Demokrat Resmi Serahkan Dokumen Pendaftaran Calon Peserta Pemilu 2024, AHY Harap KPU Netral

 Ketum Demokrat Agus Harimurti Yudhoyono (AHY) saat memimpin pendaftaran sebagai calon perserta pemilu/RMOL
Ketum Demokrat Agus Harimurti Yudhoyono (AHY) saat memimpin pendaftaran sebagai calon perserta pemilu/RMOL

Partai Demokrat resmi mendaftar sebagai bakal claon peserta Pemilu Serentak 2024.


Pendaftaran partai dilakukan langsung oleh Ketua Umum Partai Demokrat, Agus Harimurti Yudhoyono didampingi sejumlah elite DPP serta 34 elite DPD ke Kantor KPU RI, Jalan Imam Bonjol, Menteng, Jakarta Pusat, Jumat (5/8).

"Pada kesempatan yang baik ini izin kan kami menyampaikan surat pendaftaran Partai Demokrat sebagai peserta Pemilu 2024 bersama sejumlah dokumen penting lainnya, baik kepengurusan di 34 provinsi, kabupaten/kota, dan kecamatan, yang insya Allah setiap tingkatan tersebut kami penuhi 100 persen," ujar Agus Harimurthi Yudhoyono dalam sambutannya.

Selain menyerahkan surat pendaftaran dan dokumen kepengurusan, putra sulung Presiden RI keenam Susilo Bambang Yudhoyono yang kerap disapa AHY ini memastikan, dokumen lain yang dipersyaratkan KPU RI juga telah diserahkan. Yaitu, data alamat kantor dari masing-masing tingkatan baik itu DPP, DPD hingga DPC.

"Kami sudah lengkapi segala sesuatunya, surat pernyataan model F sebagaimana yang dipersyaratkan Sipol (KPU)," sambungnya menegaskan.

AHY berharap, data dan dokumen yang diserahkan Partai Demokrat bisa sesuai dengan yang dipersyaratkan KPU. Jika pun ada hal-hal yang tidak sesuai, ia memohon masukan dan bimbingan dari seluruh Anggota KPU RI agar Partai Demokrat bisa dinyatakan lulus sebagai peserta Pemilu Serentak 2024.
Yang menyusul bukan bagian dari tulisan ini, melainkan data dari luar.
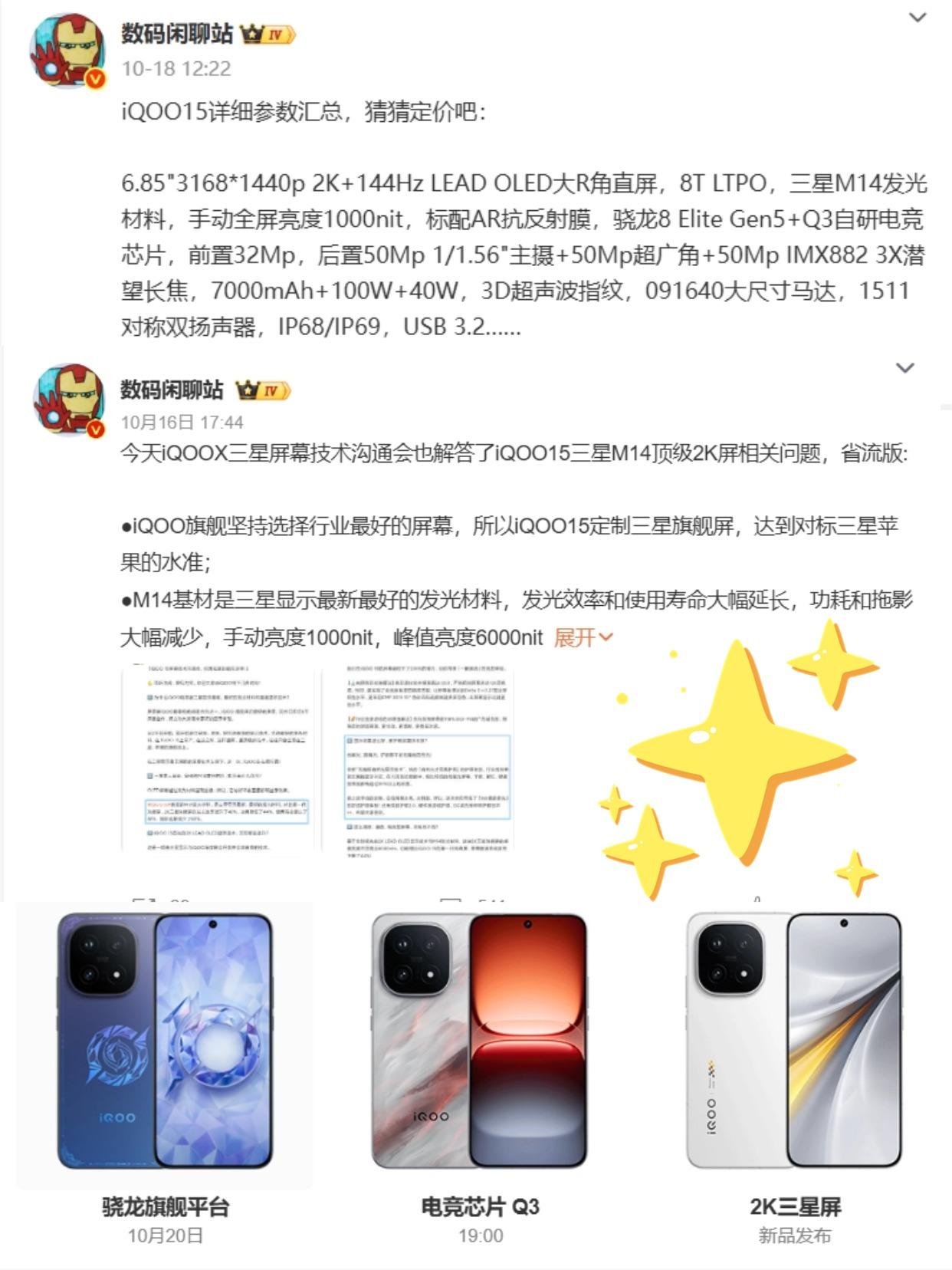 好几年前就在吹无2K不旗舰,看了今年好几款旗舰机几乎都是用的1.5K屏幕... 对比之下,iQOO 15显得有诚意多了,安排上了一块三星M14发光材料2K 144Hz屏幕,显示素质在同档产品应该是找不到对手了。加上骁龙8 Elite Gen5+Q3自研电竞芯片,而且外围配置也都没啥短板,大家觉得卖多少合适呢?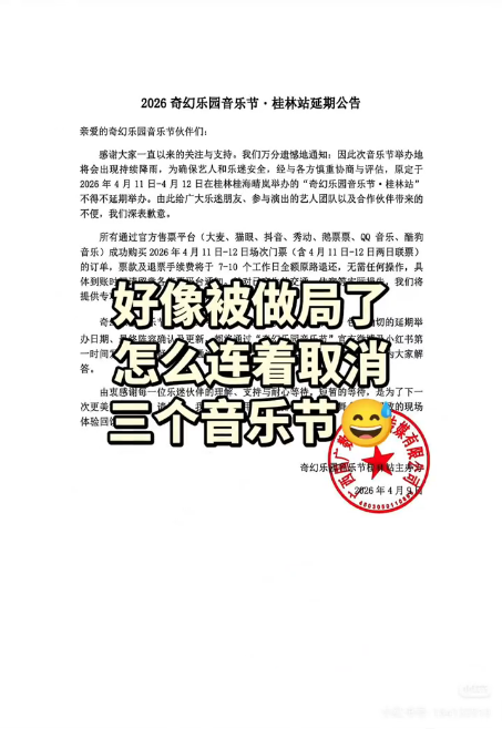 “好像被做局了,怎么连续取消了三个音乐节?”近一个月来,户外音乐节市场震荡不断,接连多个音乐节在开演前几日紧急宣布“不可抗力”取消或者延期演出,难以挽回的机酒损失让不少乐迷怒火中烧。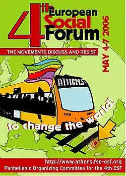 Третий социальный форум прошел в Лондоне в октябре 2004 года и собрал 25 000 человек из 70 стран[8]. Важную роль в его работе принимала Социалистическая рабочая партия. Четвертый соцфорум прошел уже почти через 2 года — в мае 2006 в Афинах. В его ходе 7 мая была проведена демонстрация, в которой участвовали 80 тысяч человек; важную роль в организации форума играла Коалиция радикальных левых (СИРИЗА).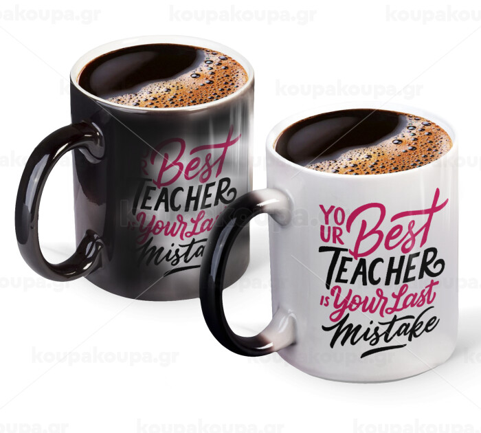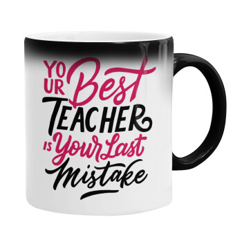 Typography quotes your best teacher is your last mistake, Κούπα Μαγική, κεραμική, 330ml που αλλάζει χρώμα με το ζεστό ρόφημα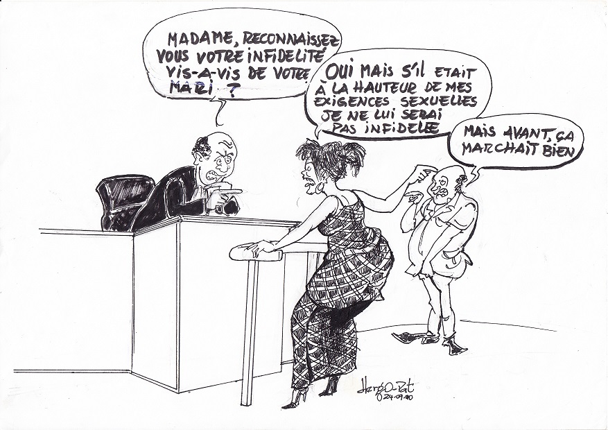 Notre voisin a écourté sa mission sur le champ pétrolier de Komé pour fêter le 14 fevrier avec sa femme. Arrivé dans la nuit du 13 il a eu une désagréable surprise. Madame et son jeune «cousin» qu’elle a exigé et choisi comme chauffeur, ont déjà largement entamé la fête sur le lit conjugale. Avec pour seul cadeau, leurs tenues « Adam&Eve ». Après avoir fait quoi, Dieu seul sait le cousin et la cousine se sont profondément endormi, laissant le réfrigérateur vide et grandement ouvert. Le pauvre voisin qui avait auparavant un problème cardiaque s’est du coup évanoui. Il a fallu plus d’une heure pour le réanimer.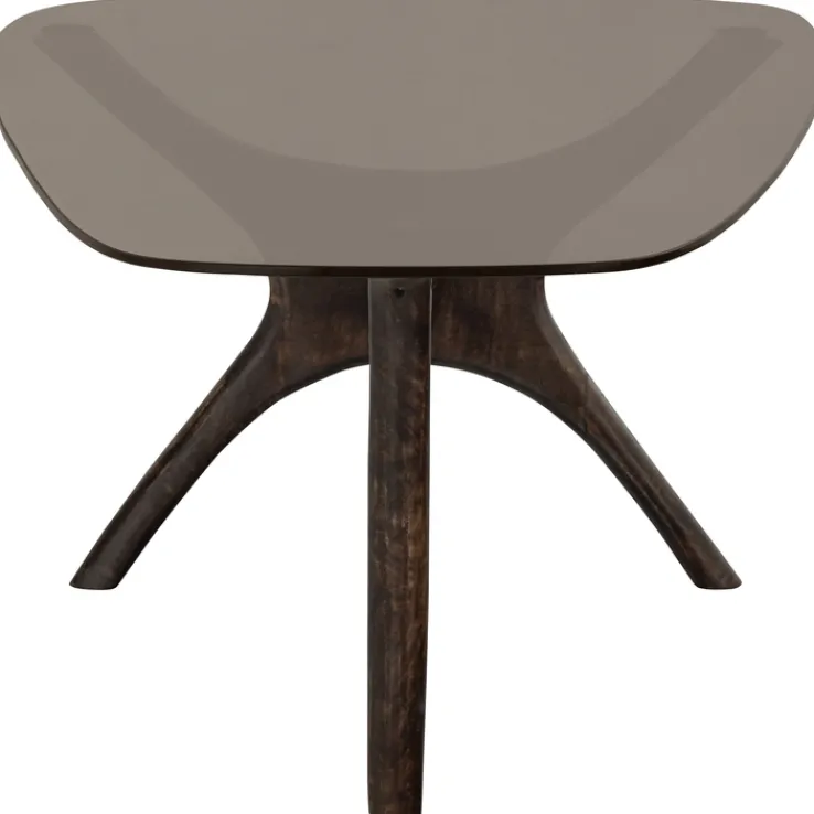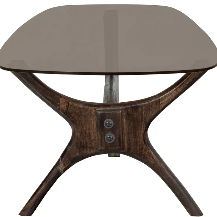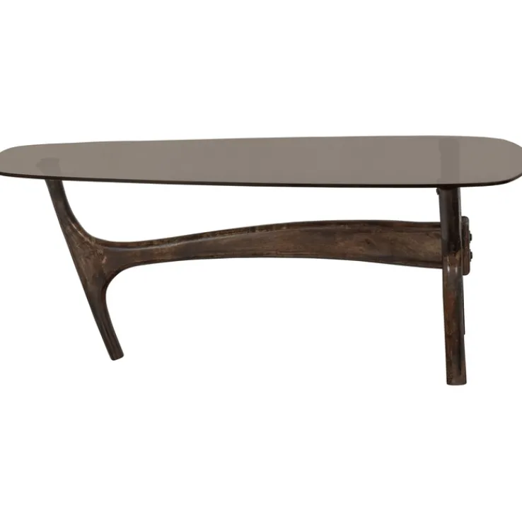 Beistelltisch FLASH in der Ausführung Mangoholz / Farbglas braun punktet mit einem trendstarken, organisch geformten Design und ist 110 x 60 cm groß. Er ist viel mehr als nur eine praktische Ablage und ein überaus dekorativer Blickfang.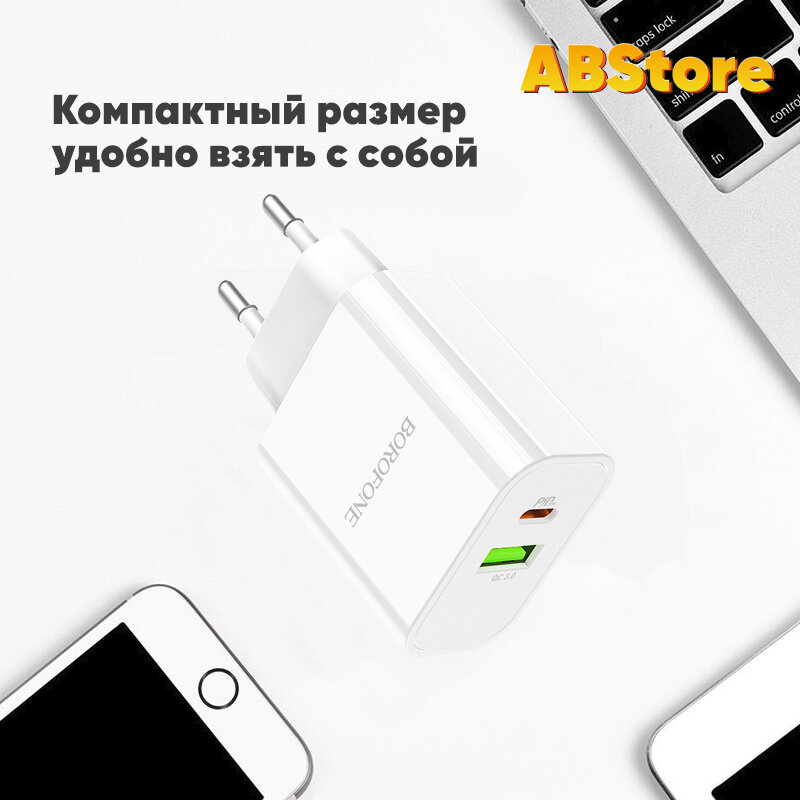 Отзывы на Сетевое зарядное устройство USB QC 3.0 + Type C Power Delivery Borofone BA55A белый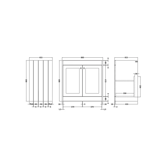Synergy Henbury 800mm Satin Soft Black 2 Door Floor Standing Vanity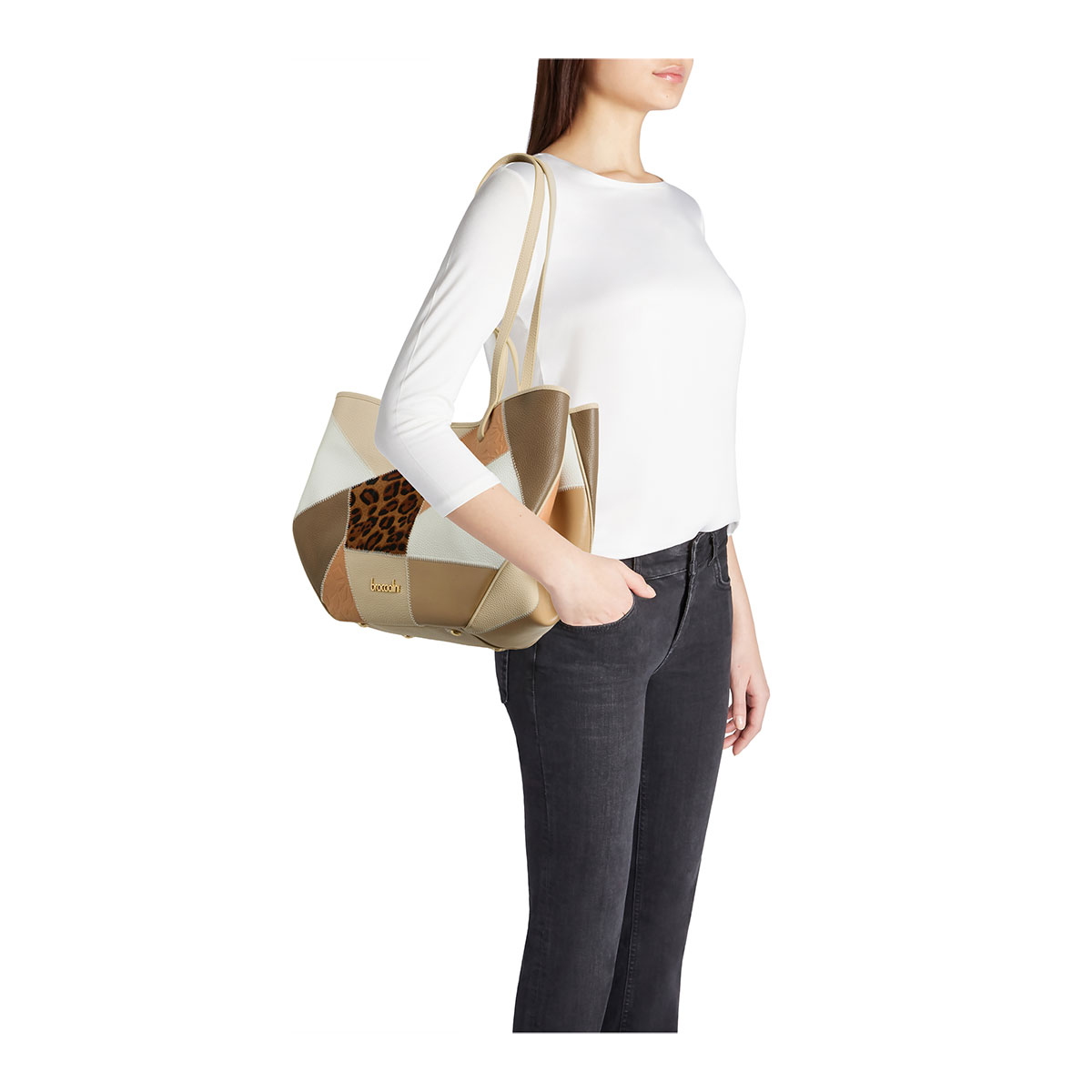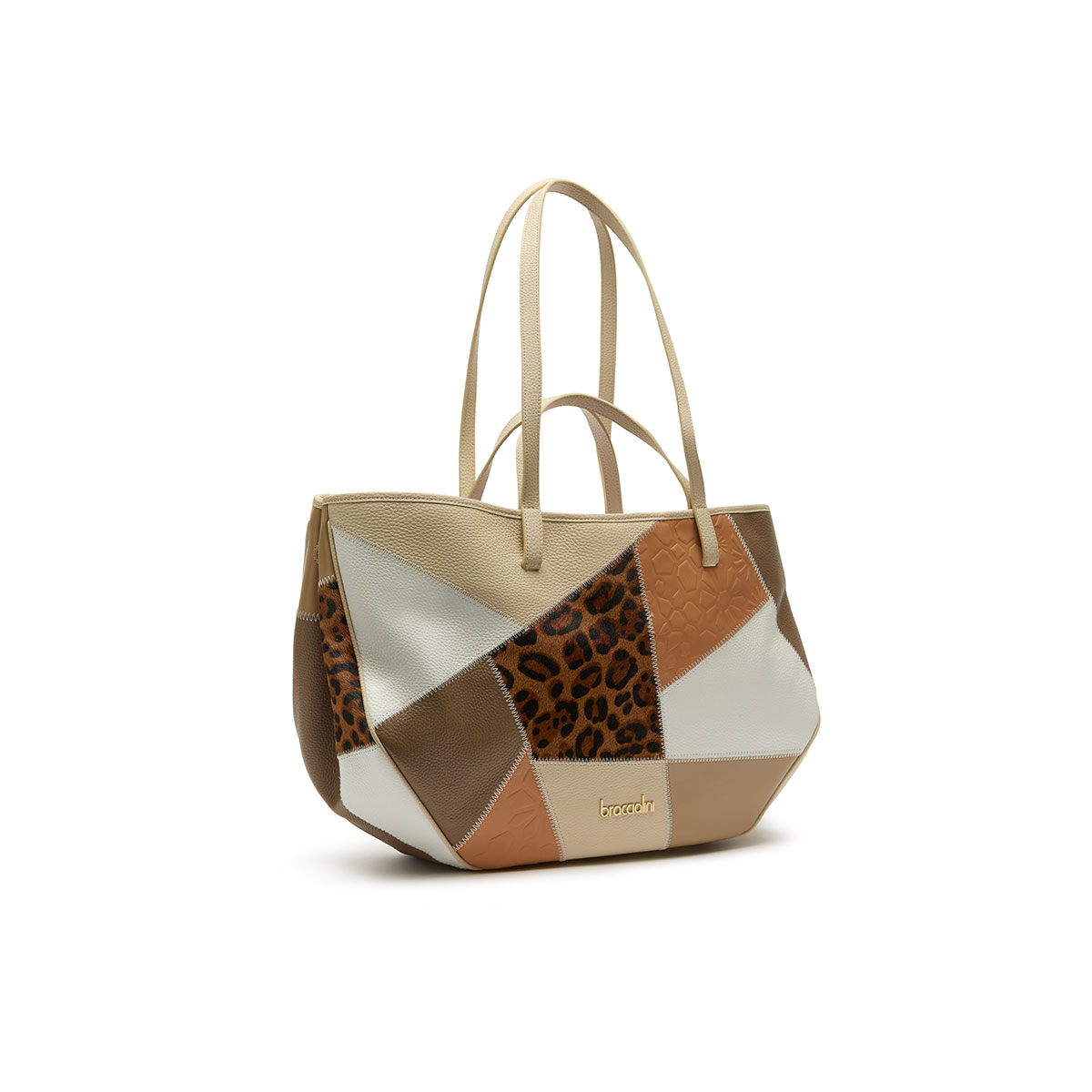 La linea Patch è un omaggio alla storicità e all’estro creativo che da sempre definiscono il DNA di Braccialini. In questa collezione, la pelle diventa protagonista di un mosaico d'eccellenza: diversi pellami pregiati vengono accostati con maestria artigianale per dar vita a uno stile unico e inconfondibile. Le calde tonalità della terra si fondono armoniosamente con audaci accenti leopardati, creando un equilibrio perfetto tra eleganza naturale e spirito wild |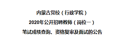 內(nèi)蒙古黨校(行政學(xué)院)2020年公開招聘教師(崗位一)筆試及閱卷工作已經(jīng)結(jié)束,根據(jù)《內(nèi)蒙古黨校(行政學(xué)院)2020年公開招聘教師簡(jiǎn)章》有關(guān)規(guī)定,現(xiàn)將筆試成績(jī)查詢、資格復(fù)審及面試有關(guān)事宜通知如下: ...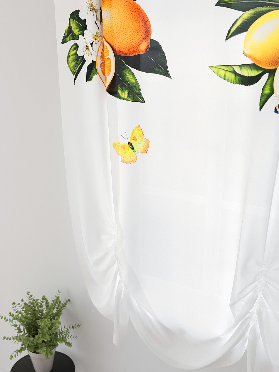 ВыбратьТюль 1 шт. Легкий, мягкий тюль из вуали оформлен фотопечатью, дополнен отделкой в виде декоративных завязок. Тюль имитирует австрийскую штору. Вуаль с матовой полупрозрачной текстурой. Отличается особым шиком, идеально подходит для создания воздушных штор. Придает ощущение свежести, хорошо пропускает воздух. Ткань неприхотлива в уходе, хорошо стирается без разрушения волокон с течением времени за счет высокого кручения нитей.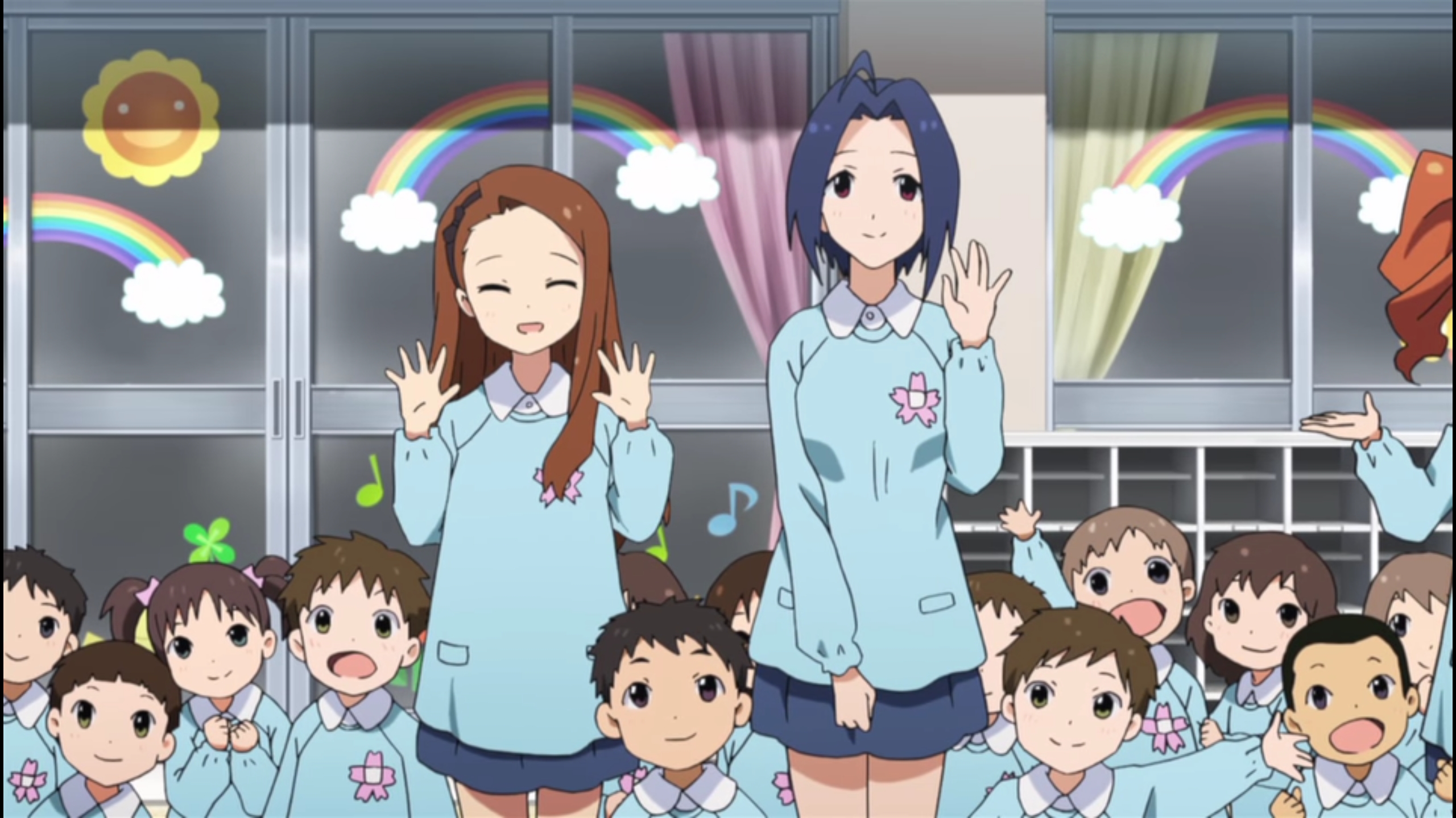 스토리적인 면에서는 전통의 신호등, 즉 미키, 치하야, 하루카의 각 문제가 일어난다. 미키는 본인의 문제였고 치하야는 외부의 문제, 그리고 하루카는 성공을 이룬 후에 결국 내부의 문제. 단순히 웃으며 춤추는 애니메이션이 아니라, 각 화에 캐릭터 스토리를 귀엽고 재밌게 담아내면서도 현실성있는 갈등 요소를 가지고, 진지한 분위기로 풀어나가는게 굉장히 맘에 들었다. 특히 그 갈등이 해소되는 장면에서의 연출또한 음악과 영상으로 감동을 주었다. 비주얼적인 측면에서 가장 극적이었던 건 치하야겠지만, 가장 스토리적으로 극적이었던 건 하루카의 이야기가 아니었나 싶다.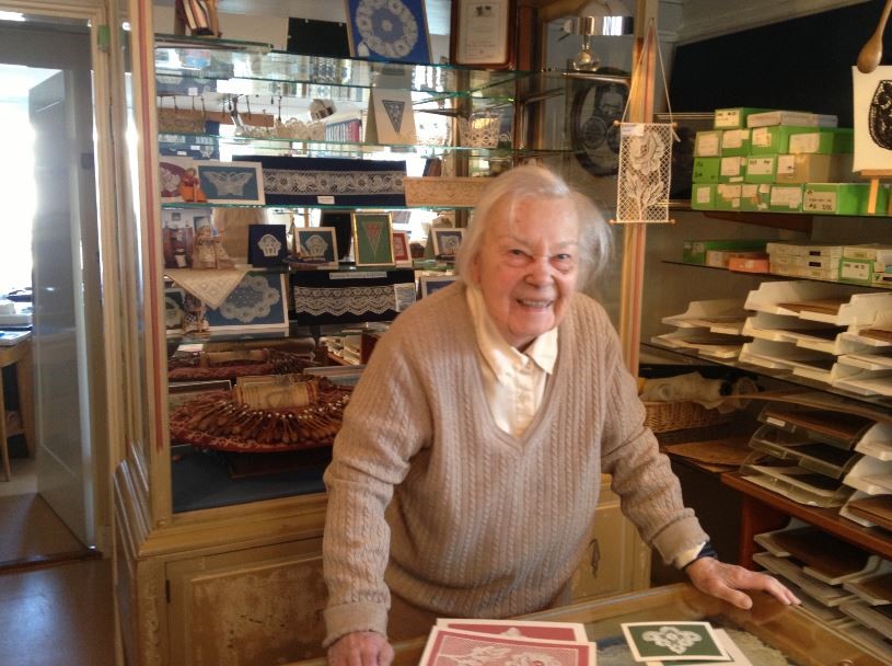 Mamma föddes på Skänningegatan 11 i Vadstena den 6 oktober 1923. Efter gymnasiet var hon ute på äventyr. Lite om det kan du läsa på https://elsapetersonsspetsaffar.com/gunnel-landtblom/ 1969 kom hon tillbaka till Vadstena lagom för att ta över affären efter mormor 1971. Mormor Elsa var då 81 och kände att det var dags att dra sig tillbaka :-). Mamma höll igång butiken fram till januari 2016. Då var hon 92 år!

Di samping itu, AHY juga menyampaikan harapannya untuk KPU sebagai penyelenggara pemilu dapat menjalankan Pemilu Serentak 2024 sesuai dengan peraturan perundang-undangan yang berlaku.

"Semoga Pemilu 2024 bisa berjalan sebaik-baiknya, dan kami berharap KPU bisa menjadi lembaga yang netral, sehingga demokratisasi rakyat bisa semakin baik ke depan, melalui proses (pergantian) kepemimpnan nasional yang baik," demikian AHY.